Das Problem an der ganzen Sache ist das ich in der Hashmap immer nur den letzten Tag drin stehen habe den ich übergeben hab.
Warum???
Sieht jemand vielleicht den Fehler?


----------



## stev.glasow (26. Mrz 2004)

Du darfst immer nur einen Schlüssel (in deinem Fall gregCal) auch nur einmal pro Map benutzen :
map.put(x, 1);
map.put(y, 11);
map => {x:1, y:11}

map.put(x,88 )
map => {x:88, y:11}


----------



## Java-Kämpfer (29. Mrz 2004)

Ist es denn nicht so das put immer überprüft: 

Bin ich schon eingetragen und wenn ja überschrfeibe meinen Wert mit dem neu übergebenen??
Und wenn das nicht mit put geht gibt es da etwas anderes?


----------



## citizen_erased (29. Mrz 2004)

eine methode soll möglichst wenig auswirkungen haben, die aber dann auch gründlich. 
put kontrolliert also nicht, ob es den schlüssel schon gibt, sondern fügt einen eintrag ein (bzw. überschreibt einen anderen. es wird davon ausgegangen, dass put aufgerufen wird, um etwas einzufügen.
eine kontrolle musst du selber durchführen. dafür gibt es auch einen methode, die dir (nur) sagen kann, ob es einen bestimmten schlüssel schon gibt. (ich glaube, diese methode heisst contains(Object o))


----------



## Java-Kämpfer (29. Mrz 2004)

Hi, 

es kann nur mit put gehen. 
Ich muss das jeweils zugeordnete Value (von der Hashmap) doch verändern oder in meinem Fall hochzählen können.

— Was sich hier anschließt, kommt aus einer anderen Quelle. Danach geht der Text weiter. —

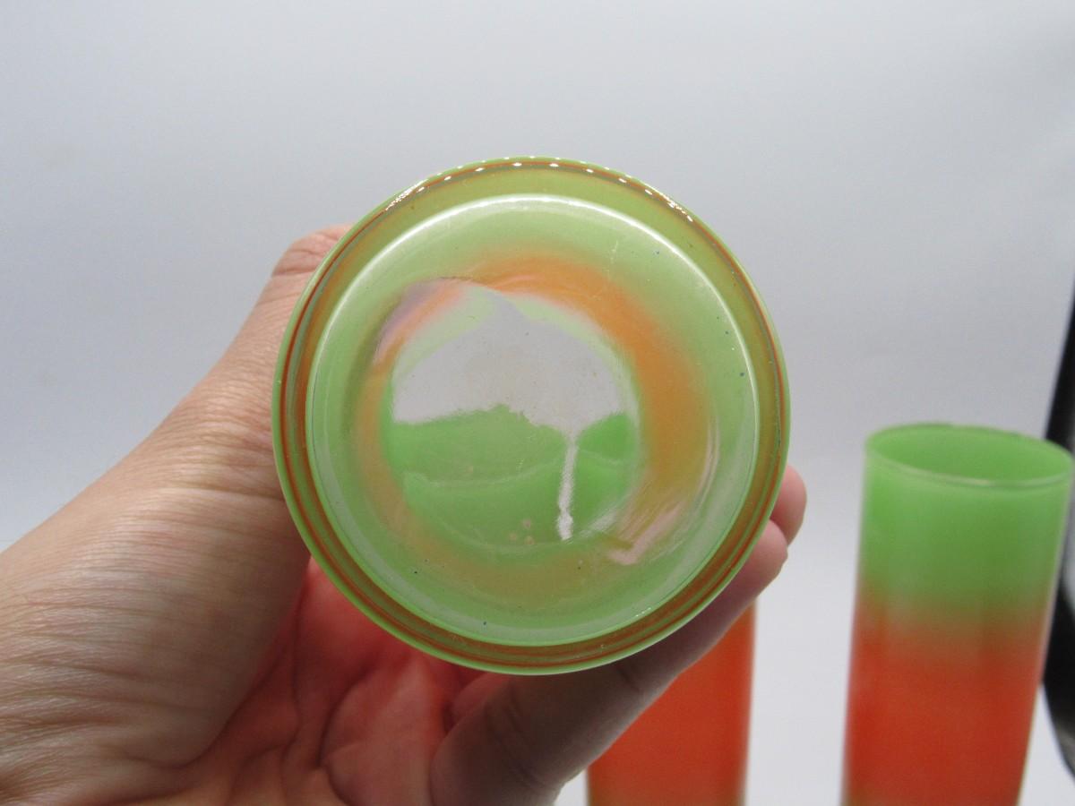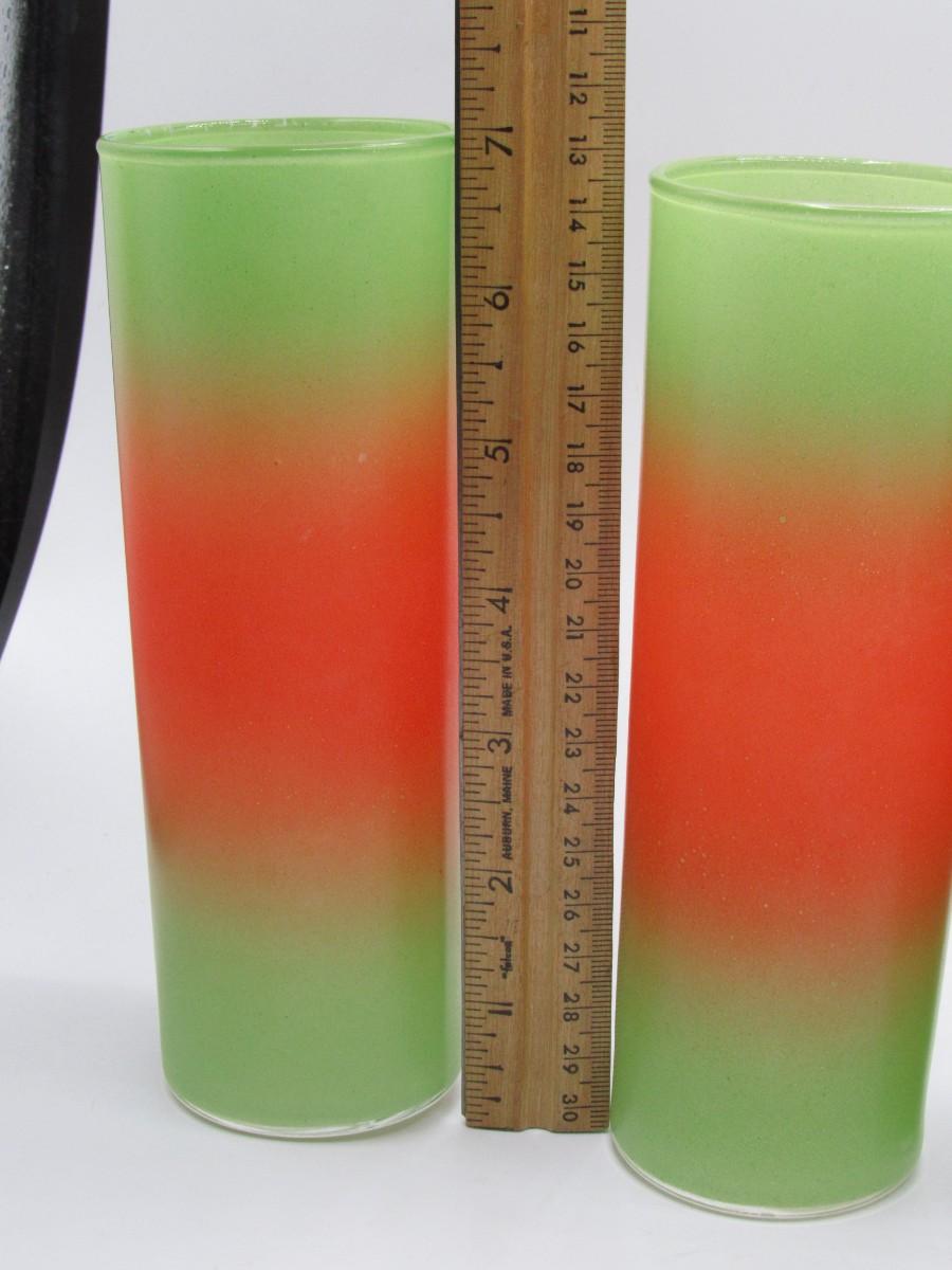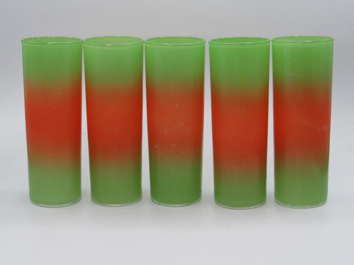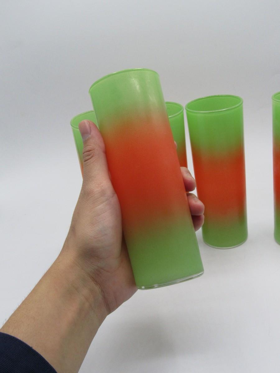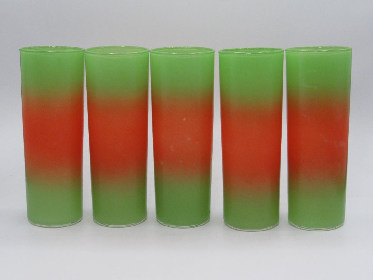 Vintage MCM Blendo Glass Orange & Green Ombre Beverage Barware Set of 5
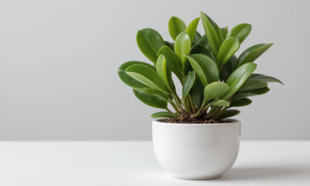 A beautiful green plant in a simple white pot rests on a minimalist table, creating a serene atmosphere perfect for any indoor space.
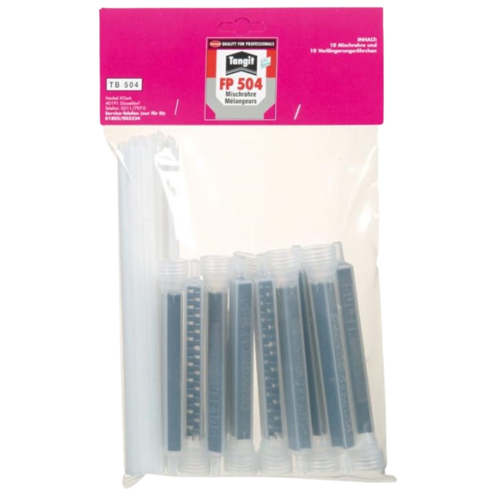De Tangit FP 504 mengtuit is speciaal ontworpen om de twee componenten van Tangit M 3000 expansieschuim homogeen te mengen tijdens het verwerken met het Tangit PP 6 pistool. Door het spiraalvormige binnenwerk worden hars en verharder gelijkmatig gemengd, zodat een consistent schuim ontstaat dat voldoet aan de strengste eisen voor gas- en waterdichtheid.
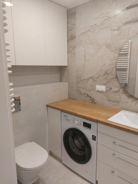 Łazienka - prysznic, zabudowy meblowe, pralka.
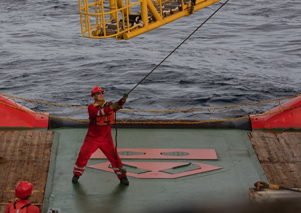 拖輪上(shang)的(de)甲板(ban)工(gong)確(que)認(ren)好了(le)(le)吊(diao)籃(lan)上(shang)的(de)人(ren)員安(an)全,對講(jiang)機里一(yi)聲“起鉤”,四周站滿(man)(man)了(le)(le)員工(gong)的(de)最后(hou)一(yi)趟吊(diao)籃(lan)向著(zhu)潿洲6-8平臺(tai)緩緩升空。不(bu)一(yi)會兒,不(bu)大的(de)頂層平臺(tai)就已經被(bei)人(ren)員和(he)配件占(zhan)滿(man)(man)。20多(duo)人(ren),負責四塊不(bu)同(tong)的(de)業(ye)務,新增儲物間、海管(guan)立管(guan)管(guan)卡(ka)安(an)裝、閉排泵檢修、消(xiao)防軟管(guan)測試和(he)保養。從頂層甲板(ban)到(dao)貼近海面的(de)靠船,從關鍵設備(bei)到(dao)消(xiao)防設施,30多(duo)攝氏度的(de)高溫里,一(yi)項項工(gong)作(zuo)在有條不(bu)紊地開(kai)展。
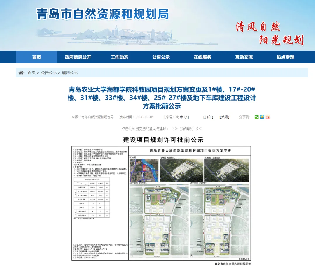 2月1日,青岛市自然资源和规划局发布《青岛农业大学海都学院科教园项目规划方案变更及1#楼、17#-20#楼、31#楼、33#楼、34#楼、25#-27#楼及地下车库建设工程设计方案批前公示》。
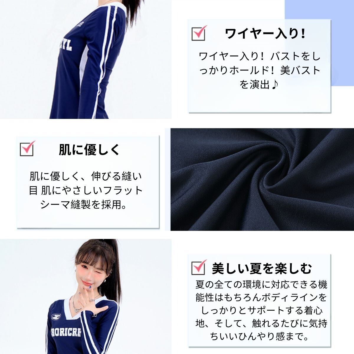 UVカットで強い日差しからお肌を優しくガード!ボトムはシンプルなフォルムで、脚をより長く美しく魅せます。肌に優しく、伸びる縫い目 肌にやさしいフラットシーマ縫製を採用。水に濡れてもよく伸びる 縦横に伸縮するストレッチ素材で快適。ハリのある生地で、ますますフィット!
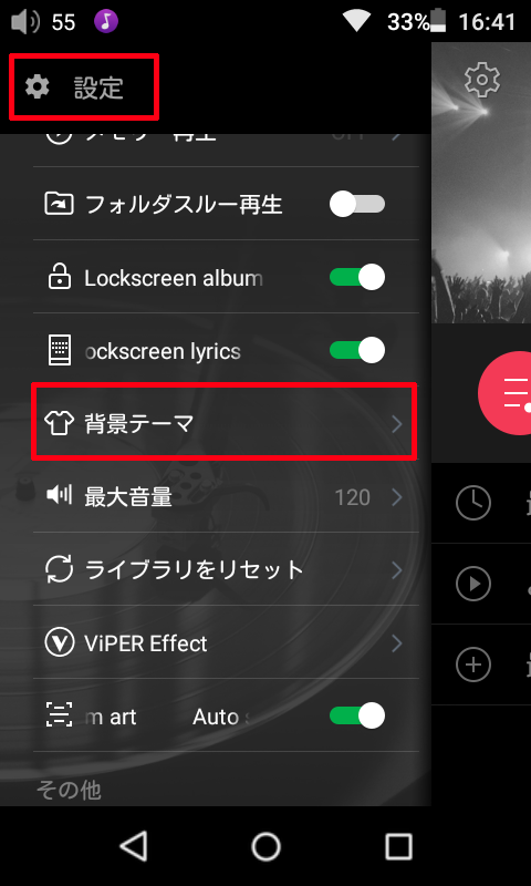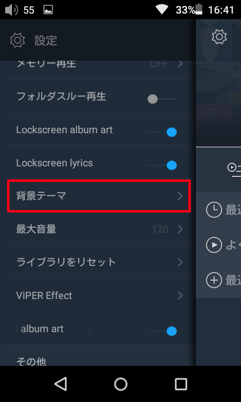 1. FiiO Music でメインメニュー左上部のギア状のアイコンからアプリの設定画面を開き、「背景テーマ」をクリックします。
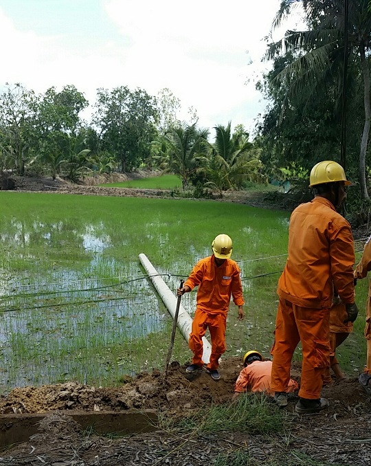 Và công nhân Điện lực Cái Bè đã khắc phục lưới điện và đóng điện hoàn toàn vào lúc 15h00, ngày 21/6/2016.
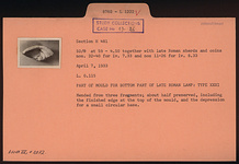Description:   Mended from three fragments; about half preserved, including the finished edge at the top of the mould, and the depression for a small circular base.
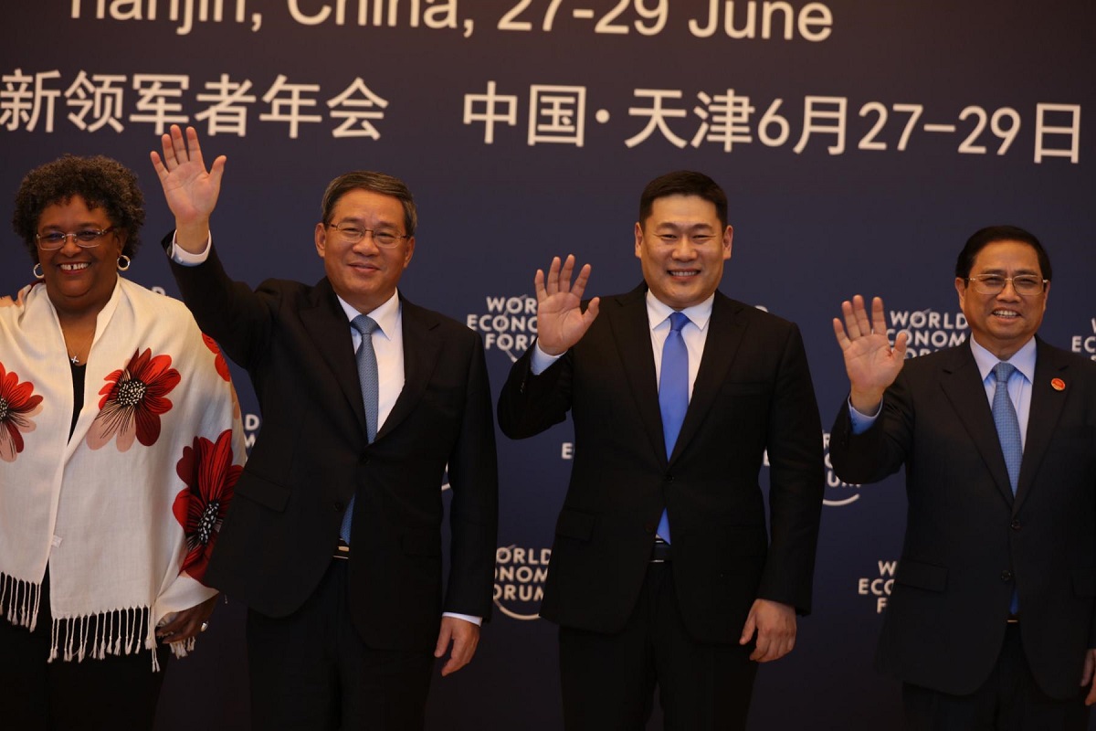 Бүгд Найрамдах Хятад Ард Улсад албан ёсны айлчлал хийж буй Монгол Улсын Ерөнхий сайд Л.Оюун-Эрдэнэ Тяньжин хотноо болж буй Дэлхийн эдийн засгийн чуулга уулзалтын нээлтэд оролцож, Давосын эдийн засгийн форумын үүсгэн байгуулагч бөгөөд Ерөнхийлөгч Клаус Швабтай уулзалт хийв.
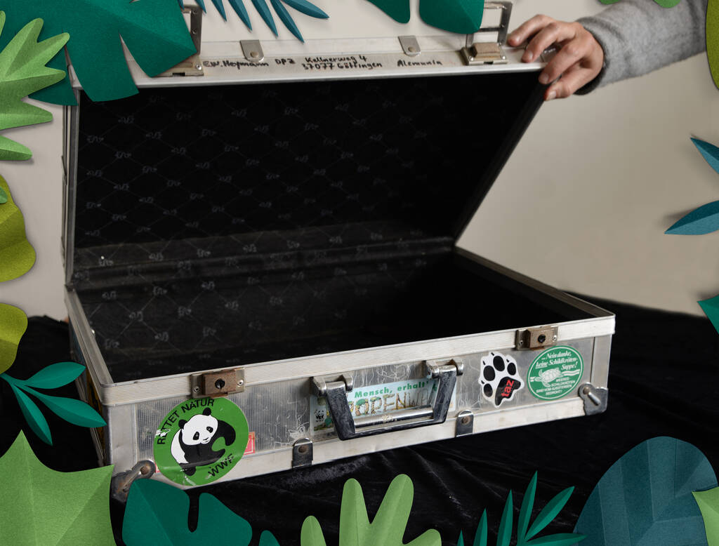It contains all the utensils needed to observe the monkeys: decent binoculars, a laptop, notepads, pencils and sample containers.
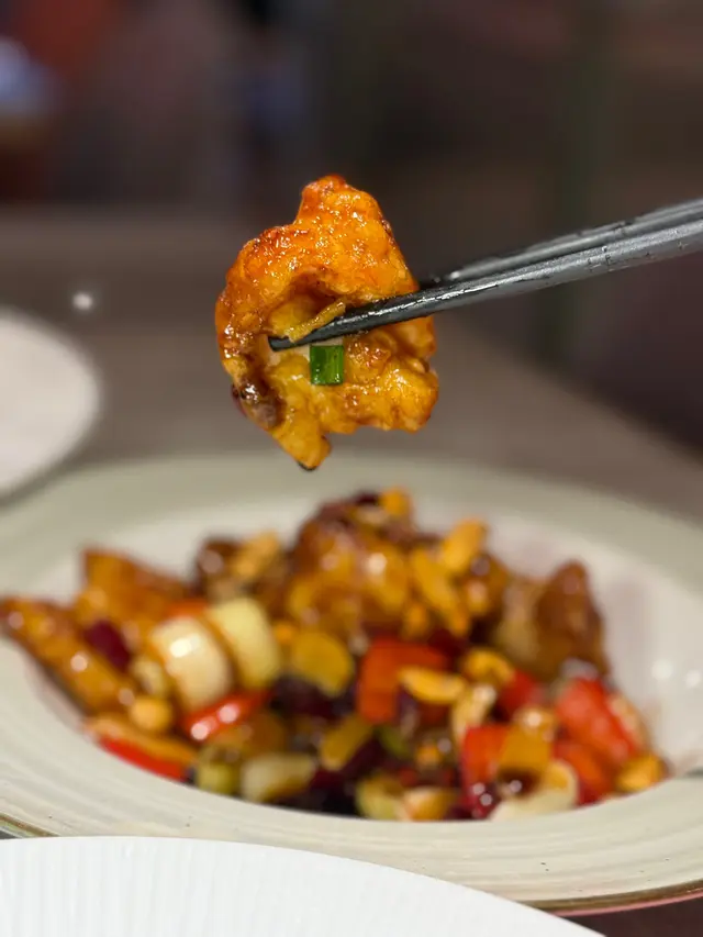 宮保蝦球天婦羅炸得外皮酥脆,蝦球爽口彈牙,配上帶微辣的宮保醬汁,增添惹味而不搶蝦的鮮甜。
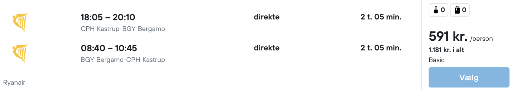 Flyprisen inkluderer kun en lille taske, men bagage kan tilkøbes.

Und es gibt für HashMap keine andere  Methode die ein bestehenden Schlüssel Inhalt im nachhinein noch verändern könnte.  Oder ich bin blind..


----------



## citizen_erased (29. Mrz 2004)

dann musst du den wert mit get() auslesen, was auch immer du im eins erhöhen willst nun um eins erhöhen und den neuen wert mit put() und den gleichenschlüssel wieder einsetzen.


----------



## Java-Kämpfer (29. Mrz 2004)

Jooooo!
Ich Idiot
Danke! :autsch:


----------